Activity
Begin with the first line below and retype each line exactly through the line containing "Green, Burnt Orange". Any pictures are to be left out.

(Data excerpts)
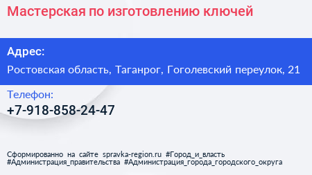 Мастерская по изготовлению ключей по адресу Ростовская область, Таганрог, Гоголевский переулок, 21 в дальнейшем Организация, размещена в следующих категориях:
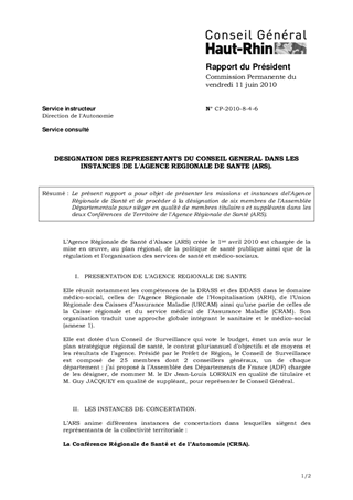 Le présent rapport a pour objet de présenter les missions et instances de l'Agence Régionale de Santé et de procéder à la désignation de six membres de l'Assemblée Départementale pour siéger en qualité de membres titulaires et suppléants dans les deux Conférences de Territoire de l'Agence Régionale de Santé (ARS).
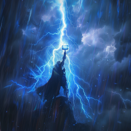 Thor in the sky striking a huge bolt of blue and yellow thunder down to the ground holding his hammer shouting, realistic, cinematic image and grade, high detail, movie still. Rain, moody. --v 6.0
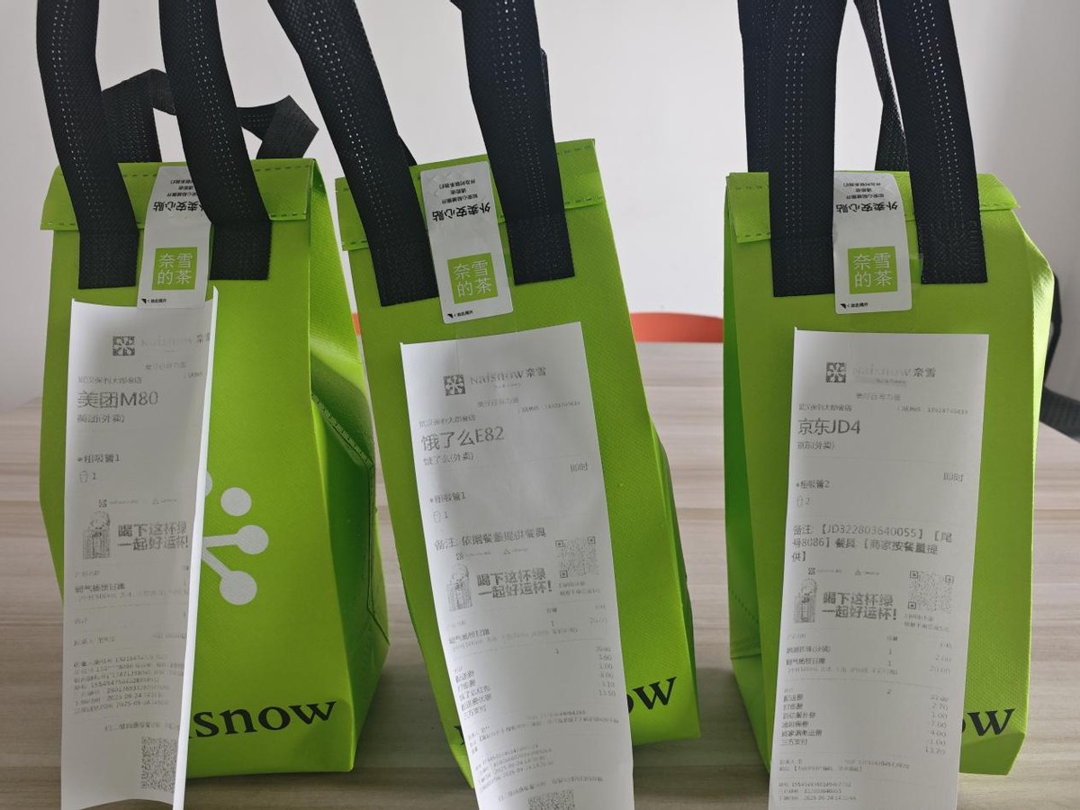 由于在中午饭点以后下的单,三家商品都在规定的时间内送达。美团的配送时间为14:26-14:57,用时31分钟,淘宝闪购配送时间为14:28-14:46,用时18分钟。京东的配送时间为14:30-15:14,用时44分钟。在买奶茶的外卖配送时长体验上,淘宝闪购第一、美团第二、京东第三。从奶茶送达的商品外包装来看,美团饮品放的比较规整,淘宝闪购和京东不知是打包问题还是骑手配送问题,两者瓶身能感觉明显倾斜,比较难水平放置于桌上。
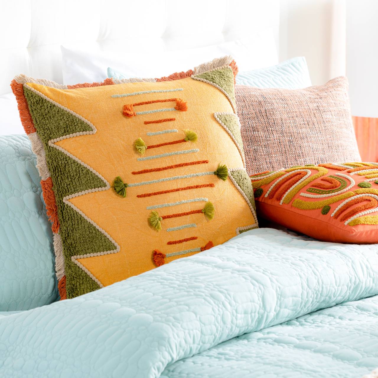 • Colors: Saffron, Taupe, Dark Green, Burnt Orange
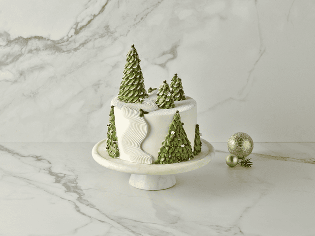 ‘파인트리 케이크(Pine Tree Cake)’는 겨울의 숲을 연상시키는 아름다운 디자인을 자랑하며, 눈꽃과 소나무 장식이 돋보입니다. 마스카르포네 크림과 라즈베리 콩피를 사용한 스펀지 케이크로 상큼하면서도 부드러운 맛이 특징입니다. 가격은 9만8000원입니다.

Response
 Мастерская по изготовлению ключей по адресу Ростовская область, Таганрог, Гоголевский переулок, 21 в дальнейшем Организация, размещена в следующих категориях:
 Le présent rapport a pour objet de présenter les missions et instances de l'Agence Régionale de Santé et de procéder à la désignation de six membres de l'Assemblée Départementale pour siéger en qualité de membres titulaires et suppléants dans les deux Conférences de Territoire de l'Agence Régionale de Santé (ARS).
 Thor in the sky striking a huge bolt of blue and yellow thunder down to the ground holding his hammer shouting, realistic, cinematic image and grade, high detail, movie still. Rain, moody. --v 6.0
 由于在中午饭点以后下的单,三家商品都在规定的时间内送达。美团的配送时间为14:26-14:57,用时31分钟,淘宝闪购配送时间为14:28-14:46,用时18分钟。京东的配送时间为14:30-15:14,用时44分钟。在买奶茶的外卖配送时长体验上,淘宝闪购第一、美团第二、京东第三。从奶茶送达的商品外包装来看,美团饮品放的比较规整,淘宝闪购和京东不知是打包问题还是骑手配送问题,两者瓶身能感觉明显倾斜,比较难水平放置于桌上。
 • Colors: Saffron, Taupe, Dark Green, Burnt Orange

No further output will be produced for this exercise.